Marked by seven benchmarks, the Confidence of Life Detection, or CoLD, scale outlines a progression in confidence that a set of observations stands as evidence of life. Credit: NASA
Abiotic explanations have not been ruled out. The researchers examined whether such mineral pairings could arise through non-biological reactions, including high-temperature processes or chemical interactions with acidic water. However, no signs of thermal alteration or acidic conditions were found in the sampled rock.
Vivianite and greigite can form without life, but on Earth these conditions are typically rare and specific. The structure, temperature range and mineral associations in the Sapphire Canyon sample align more closely with low-temperature aqueous environments that support microbial activity.

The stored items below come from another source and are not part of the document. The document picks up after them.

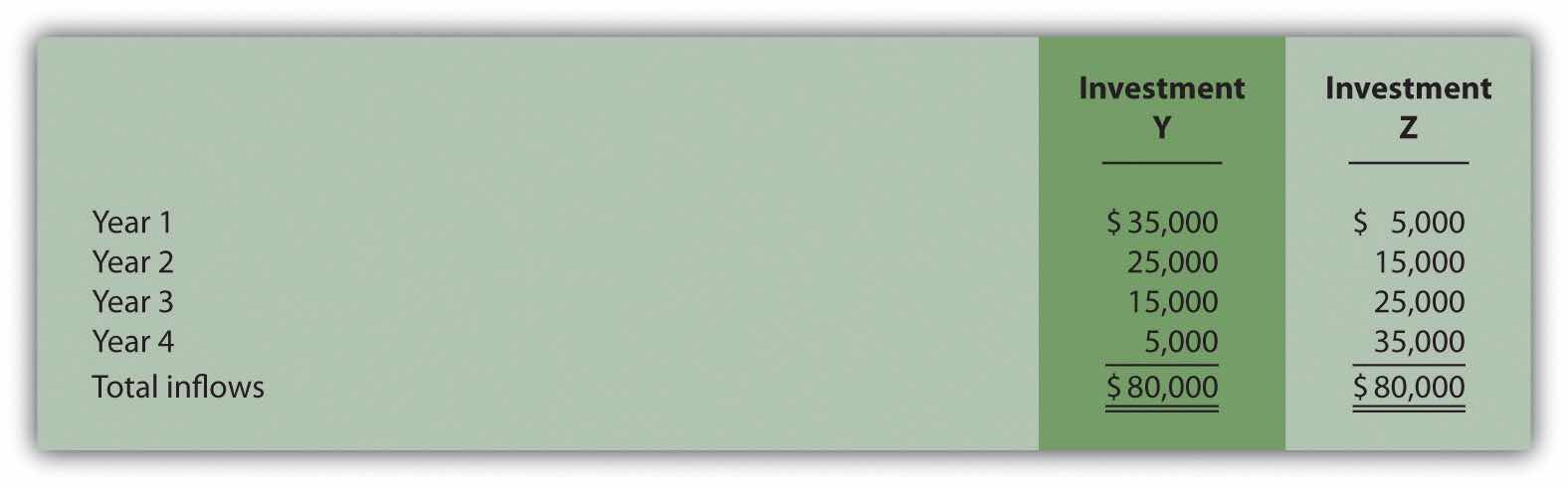 Net Present Value Calculations. Freefall, Inc., has two independent investment opportunities, each requiring an initial investment of $65,000. The company’s required rate of return is 8 percent. The cash inflows for each investment are provided as follows.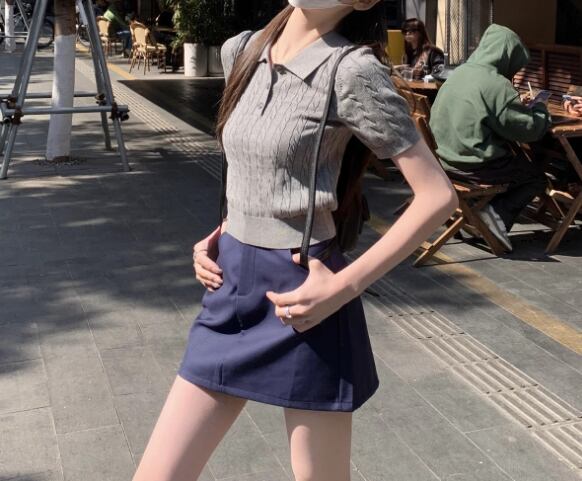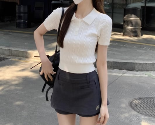 コンパクトな半袖シルエットで華奢見え効果。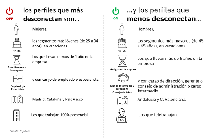 Si se tuviese que personificar la falta de desconexión digital, los datos del estudio de InfoJobs dibujan el perfil de un hombre de entre 45 y 65 años, que lleva más de 5 años en la empresa y con un cargo de responsabilidad (dirección, gerencia o consejo de administración o cargo intermedio) y teletrabaja. En contraposición, el perfil del profesional que más consigue desconectar es el de una mujer joven (de 25 a 34 años), que cuenta con menos de 1 año de antigüedad, tiene un cargo de empleada o especialista y trabaja de forma presencial.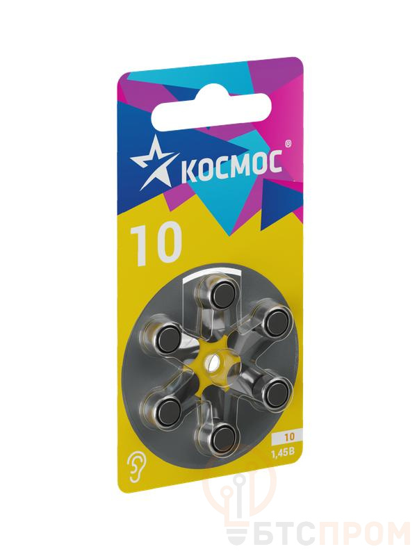 Элемент питания воздушно-цинковая для слуховых аппаратов ZA10 (10 PR70 DA230 V10) 1.45В (уп.6шт) КОСМОС KOCZA-10BL6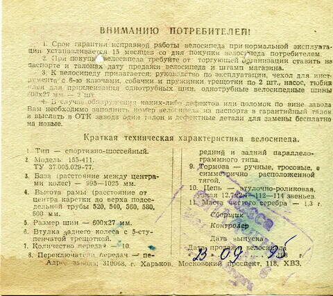 От себя добавлю, что в городе Горьком СШ в 1981г. в магазинах Спорткультторга стоил 113р., потом 125р., а в 1985г., как видно из паспорта, 137,5р.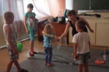Сегодня в нашем лагере праздник! В очередной раз к нам приехали гости из молодёжного центра "Космос", для наших детей они подготовили шоу мыльных пузырей и мультипликационные фильмы. Праздник получился весёлый, все были очень довольны.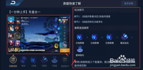 点击介绍里的短视频,可以看到英雄的视频介绍和相关的弄法技巧。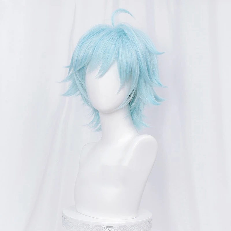 Парик Chong Yun для косплея Чун Юнь с короткими волосами из синтетики светло-голубого цвета, для ролевых игр на Хэллоуин, карнавал Вечерние

Implications for Mars Sample Return
The rock core is one of 27 collected by Perseverance since its 2021 landing. These samples are being sealed and stored in anticipation of the Mars Sample Return campaign, a proposed multi-agency mission to retrieve Martian samples for detailed laboratory analysis. According to NASA’s Jet Propulsion Laboratory, the rover’s science strategy includes prioritising sites with high preservation potential for biosignatures.
Laboratory instruments on Earth could determine isotopic ratios, molecular structures and other markers that would allow scientists to distinguish biological signatures from non-biological ones with greater precision. That testing is essential before stronger claims can be made.
Nicky Fox, Associate Administrator for NASA’s Science Mission Directorate, said the release of the data was intended to allow the wider science community to assess the findings. The goal is to confirm or challenge the biological interpretation through further modelling and comparison.
The Sapphire Canyon sample is especially significant due to its location. The Bright Angel formation, where the rock was found, is composed of fine-grained sedimentary rock deposited by water. The layers are intact, unheated, and chemically diverse—ideal conditions for preserving subtle chemical traces over geological timescales.